The integration of green building technology is currently regarded as a critical step towards a sustainable future because it is a means of attaining sustainable development. It takes skill to combine a sustainable ecosystem with comfortable living areas to create eco-friendly building designs. The use of modern technologies can also enhance traditional methods for developing greener structures and thereby help maintain sustainable built environments. This research paper is intended to develop a selection framework to evaluate three different structural floor systems for a high-rise office building in Alhasa, the Kingdom of Saudi Arabia. The three structural floor systems are as follows: a two-way ribbed slab system, a post-tension slab system, and a hollow core slab system. The main selection criteria used for the investigation in this paper are as follows: initial cost, running costs (operating and maintenance costs), salvage value, self-structural weight, and the possibility of utilities passage. A questionnaire survey was designed to collect the opinions of experts (project managers) regarding the relative importance of the different selection criteria, and these were used to determine the most suitable structural system for the office building. The analytic hierarchy process (AHP) was the tool used to determine the weights of the different criteria, and it was applied in combination with an Eigenvector analysis. Another objective of the investigation was to determine the utility preference values of the selection criteria by employing the multi-attribute utility theory (MAUT) technique. The results showed that the most important criterion is utilities passage, which is followed by structural weight and then initial cost, salvage value, and running costs.

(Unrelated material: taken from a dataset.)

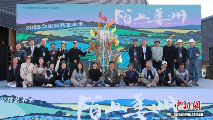 嘉賓在開幕現(xiàn)場(chǎng)與駐地作品《焱焱》合影。主辦方供圖
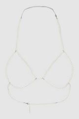 Drape yourself in decadence with the Pearl Triangle Bra Jewelry. A sultry statement piece that redefines sensuality. Crafted with luminous faux pearls and adorned with silver-tone connectors, this open cup pearl bra is an enchanting fusion of vintage glamour and bold eroticism.

From the results of this research, we conclude that the system with the highest total value is the post-tension slab system. The limitations of the study include the fact that it only investigated three concrete floor systems commonly used in office buildings in Saudi Arabia, and that it included only five selection criteria that were identified and evaluated by the experts.

Suggested Citation

  • Faris A. AlFaraidy & Kishore Srinivasa Teegala & Gaurav Dwivedi, 2023. "Selection of a Sustainable Structural Floor System for an Office Building Using the Analytic Hierarchy Process and the Multi-Attribute Utility Theory," Sustainability, MDPI, vol. 15(17), pages 1-21, August.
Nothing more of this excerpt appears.